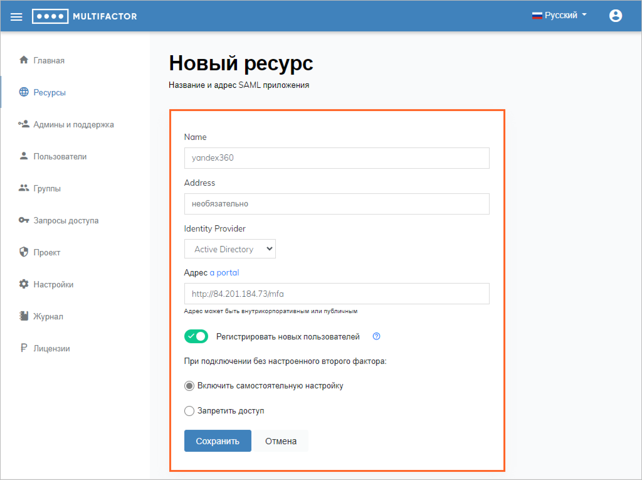 Чтобы организовать единый вход (SSO) в сервисы Яндекс 360 через Multifactor, нужно предварительно настроить портал самообслуживания Multifactor и создать SAML-приложение.
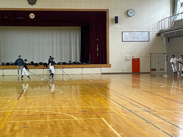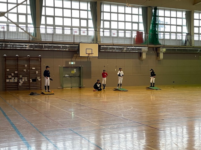 伊達中体育館では、野球部が他のクラブチームを交えながら、練習に取り組んでいました。本当は練習試合を予定していたと思うのですが、野球部もいよいよ、室内練習が本格的に始まります。
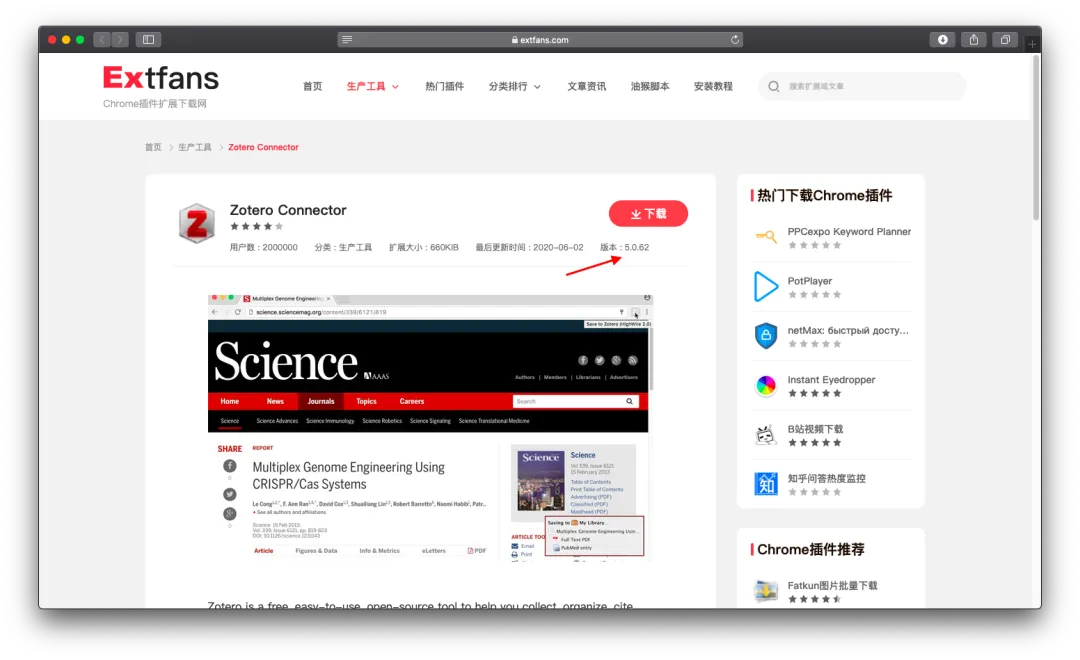 在Extfans上检索Zotero Connector后的结果如下,可以看到版本为5.0.62。
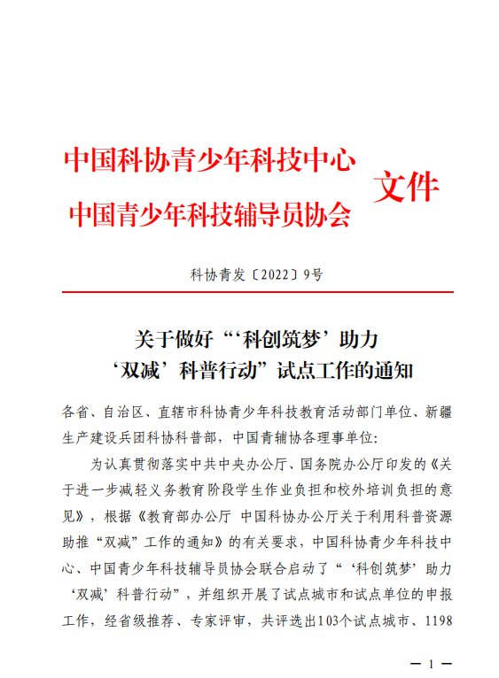 近日,中国科协青少年科技中心与中国青少年科技辅导员协会联合发文,公布了关于做好“‘科创筑梦’助力‘双减’科普行动”试点工作的通知(下文简称:通知),我校 “六艺”素质赋能馆经过评选成功入选试点单位。通知要求各试点单位要围绕“科教资源共建共享”“科技活动进校园”“科教阵地协同育人”“科技教师科学素质提升”“大手拉小手科技专家志愿服务”等五大科普行动,进一步探索科普工作下“科创筑梦”推动“双减”常态化的工作机制,努力形成利用科普资源助推“双减”可复制可推广的经验、做法和机制。
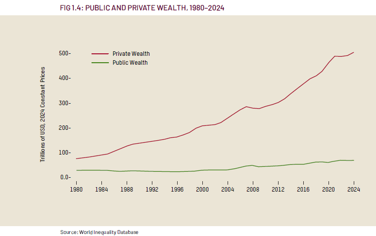 Ils appellent à la mise en place d’un groupe de travail sur le modèle de GIEC pour combattre ces inégalités qui mettent en danger les démocraties. Ainsi c’est en partie à cause de la défaillance des services publics ou de santé que des mouvements de contestation initiés par des représentants de la « Gen Z » se sont multipliés au Pérou, au Népal, à Madagascar, au Sri Lanka, au Maroc… Le décrochage entre la croissance de la richesse publique et celle de la richesse privé représenté dans ce graphique va-t-il être longtemps soutenable ?
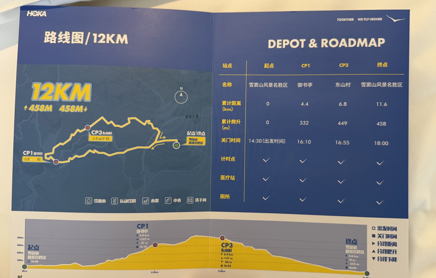 - 12公里组爬升458米,路线平缓、节奏舒适,是“首野”跑者开启山野之旅的友好选择(上图为HOKA赛事手册路线页)
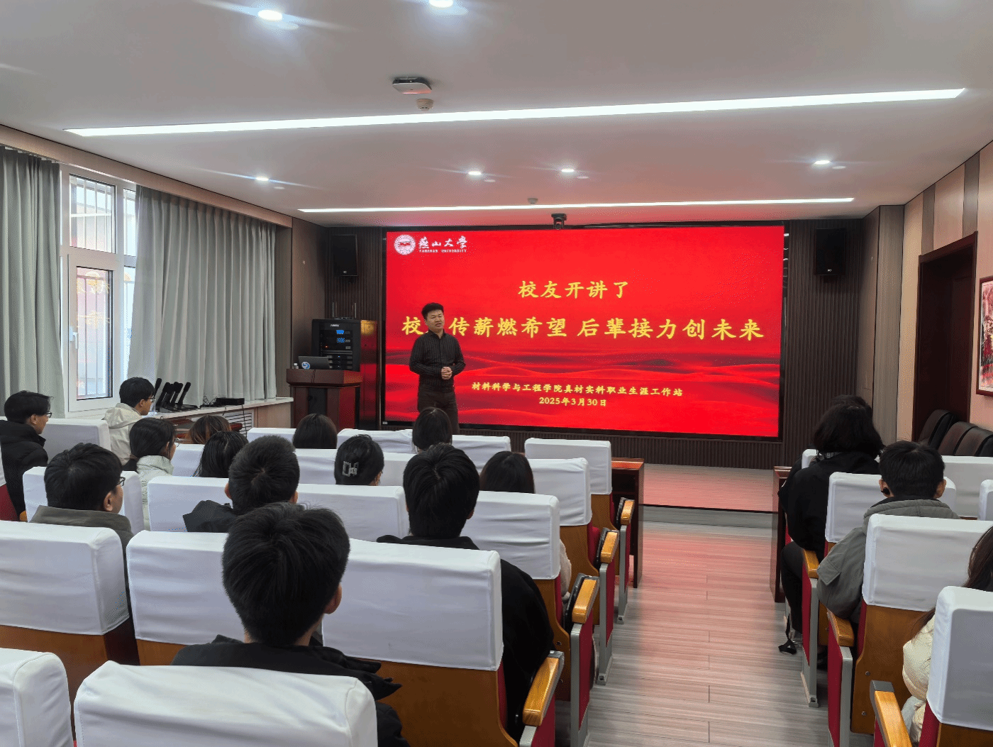 于3月29日-30日在材料新楼113以“校友传薪燃希望 后辈接力创未来”为主题举办两场“校友开讲了”优秀校友励志分享会。本次活动邀请到了学院1998级校友、深圳国能宸泰科技有限公司创始人兼CEO李岩和2013级校友、上海金力泰化工股份有限公司副总裁何俊龙亲临进行专题分享,现场气氛热烈。

» **Task requirements**:
Output the listing above exactly as it stands; no picture should appear.

» **Answer to this task**:
 Чтобы организовать единый вход (SSO) в сервисы Яндекс 360 через Multifactor, нужно предварительно настроить портал самообслуживания Multifactor и создать SAML-приложение.
 伊達中体育館では、野球部が他のクラブチームを交えながら、練習に取り組んでいました。本当は練習試合を予定していたと思うのですが、野球部もいよいよ、室内練習が本格的に始まります。
 在Extfans上检索Zotero Connector后的结果如下,可以看到版本为5.0.62。
 近日,中国科协青少年科技中心与中国青少年科技辅导员协会联合发文,公布了关于做好“‘科创筑梦’助力‘双减’科普行动”试点工作的通知(下文简称:通知),我校 “六艺”素质赋能馆经过评选成功入选试点单位。通知要求各试点单位要围绕“科教资源共建共享”“科技活动进校园”“科教阵地协同育人”“科技教师科学素质提升”“大手拉小手科技专家志愿服务”等五大科普行动,进一步探索科普工作下“科创筑梦”推动“双减”常态化的工作机制,努力形成利用科普资源助推“双减”可复制可推广的经验、做法和机制。
 Ils appellent à la mise en place d’un groupe de travail sur le modèle de GIEC pour combattre ces inégalités qui mettent en danger les démocraties. Ainsi c’est en partie à cause de la défaillance des services publics ou de santé que des mouvements de contestation initiés par des représentants de la « Gen Z » se sont multipliés au Pérou, au Népal, à Madagascar, au Sri Lanka, au Maroc… Le décrochage entre la croissance de la richesse publique et celle de la richesse privé représenté dans ce graphique va-t-il être longtemps soutenable ?
 - 12公里组爬升458米,路线平缓、节奏舒适,是“首野”跑者开启山野之旅的友好选择(上图为HOKA赛事手册路线页)
 于3月29日-30日在材料新楼113以“校友传薪燃希望 后辈接力创未来”为主题举办两场“校友开讲了”优秀校友励志分享会。本次活动邀请到了学院1998级校友、深圳国能宸泰科技有限公司创始人兼CEO李岩和2013级校友、上海金力泰化工股份有限公司副总裁何俊龙亲临进行专题分享,现场气氛热烈。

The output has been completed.